Look through the records below and collect all lines that hold the string "also".

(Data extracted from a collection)
_____

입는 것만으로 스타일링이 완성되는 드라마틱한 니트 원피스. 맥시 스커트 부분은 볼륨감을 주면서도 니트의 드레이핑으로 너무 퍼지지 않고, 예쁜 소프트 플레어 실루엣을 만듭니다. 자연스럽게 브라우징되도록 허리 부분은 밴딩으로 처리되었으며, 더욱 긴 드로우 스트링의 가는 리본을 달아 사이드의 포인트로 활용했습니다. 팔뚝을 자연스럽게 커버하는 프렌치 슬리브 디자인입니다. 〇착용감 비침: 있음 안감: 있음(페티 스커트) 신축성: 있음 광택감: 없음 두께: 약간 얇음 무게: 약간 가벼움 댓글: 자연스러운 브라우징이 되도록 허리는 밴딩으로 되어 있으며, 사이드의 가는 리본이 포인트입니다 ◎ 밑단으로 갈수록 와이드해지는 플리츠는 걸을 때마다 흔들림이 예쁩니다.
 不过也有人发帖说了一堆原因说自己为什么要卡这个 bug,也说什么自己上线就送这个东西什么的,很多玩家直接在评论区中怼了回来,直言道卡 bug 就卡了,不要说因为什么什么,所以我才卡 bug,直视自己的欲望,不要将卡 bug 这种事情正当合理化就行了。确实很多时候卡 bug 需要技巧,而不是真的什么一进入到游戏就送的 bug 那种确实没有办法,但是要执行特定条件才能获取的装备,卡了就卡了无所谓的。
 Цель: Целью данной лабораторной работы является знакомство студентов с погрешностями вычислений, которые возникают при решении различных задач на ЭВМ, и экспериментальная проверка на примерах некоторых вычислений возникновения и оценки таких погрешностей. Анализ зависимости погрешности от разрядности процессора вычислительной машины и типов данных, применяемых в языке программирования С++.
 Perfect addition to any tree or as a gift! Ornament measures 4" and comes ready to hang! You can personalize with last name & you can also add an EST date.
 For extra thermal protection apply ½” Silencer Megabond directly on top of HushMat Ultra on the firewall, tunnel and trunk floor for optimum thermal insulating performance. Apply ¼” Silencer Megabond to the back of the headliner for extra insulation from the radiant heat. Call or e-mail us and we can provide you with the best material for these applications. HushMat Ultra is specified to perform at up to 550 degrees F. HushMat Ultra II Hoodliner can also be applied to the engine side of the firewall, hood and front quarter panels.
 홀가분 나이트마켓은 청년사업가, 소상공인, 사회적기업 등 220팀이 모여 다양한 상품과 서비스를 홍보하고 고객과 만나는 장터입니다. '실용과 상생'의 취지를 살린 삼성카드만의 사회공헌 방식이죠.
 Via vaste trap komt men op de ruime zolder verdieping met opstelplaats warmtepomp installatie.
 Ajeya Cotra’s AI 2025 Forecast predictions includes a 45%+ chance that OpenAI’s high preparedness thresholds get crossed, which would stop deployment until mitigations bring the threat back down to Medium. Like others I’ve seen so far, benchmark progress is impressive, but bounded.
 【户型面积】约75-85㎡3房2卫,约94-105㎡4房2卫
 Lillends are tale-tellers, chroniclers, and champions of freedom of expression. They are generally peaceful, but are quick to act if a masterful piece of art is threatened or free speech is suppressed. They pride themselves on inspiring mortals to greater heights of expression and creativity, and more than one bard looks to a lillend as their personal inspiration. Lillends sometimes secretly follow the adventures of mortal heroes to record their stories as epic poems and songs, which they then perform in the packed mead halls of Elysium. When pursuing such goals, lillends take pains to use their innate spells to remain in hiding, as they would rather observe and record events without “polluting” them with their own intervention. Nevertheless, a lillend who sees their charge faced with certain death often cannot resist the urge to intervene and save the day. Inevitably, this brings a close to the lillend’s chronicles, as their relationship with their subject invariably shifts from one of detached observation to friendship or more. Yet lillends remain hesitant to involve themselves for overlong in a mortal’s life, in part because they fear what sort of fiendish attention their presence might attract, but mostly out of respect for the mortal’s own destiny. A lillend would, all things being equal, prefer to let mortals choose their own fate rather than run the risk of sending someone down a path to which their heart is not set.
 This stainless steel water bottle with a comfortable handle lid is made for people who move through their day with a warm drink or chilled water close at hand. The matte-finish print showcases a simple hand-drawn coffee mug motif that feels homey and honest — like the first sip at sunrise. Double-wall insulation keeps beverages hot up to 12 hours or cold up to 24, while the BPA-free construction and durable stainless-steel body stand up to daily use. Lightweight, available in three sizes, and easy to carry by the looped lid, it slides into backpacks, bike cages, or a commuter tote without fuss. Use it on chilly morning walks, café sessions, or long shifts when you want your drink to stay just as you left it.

_____

__THE ANSWER__:
 Perfect addition to any tree or as a gift! Ornament measures 4" and comes ready to hang! You can personalize with last name & you can also add an EST date.
 For extra thermal protection apply ½” Silencer Megabond directly on top of HushMat Ultra on the firewall, tunnel and trunk floor for optimum thermal insulating performance. Apply ¼” Silencer Megabond to the back of the headliner for extra insulation from the radiant heat. Call or e-mail us and we can provide you with the best material for these applications. HushMat Ultra is specified to perform at up to 550 degrees F. HushMat Ultra II Hoodliner can also be applied to the engine side of the firewall, hood and front quarter panels.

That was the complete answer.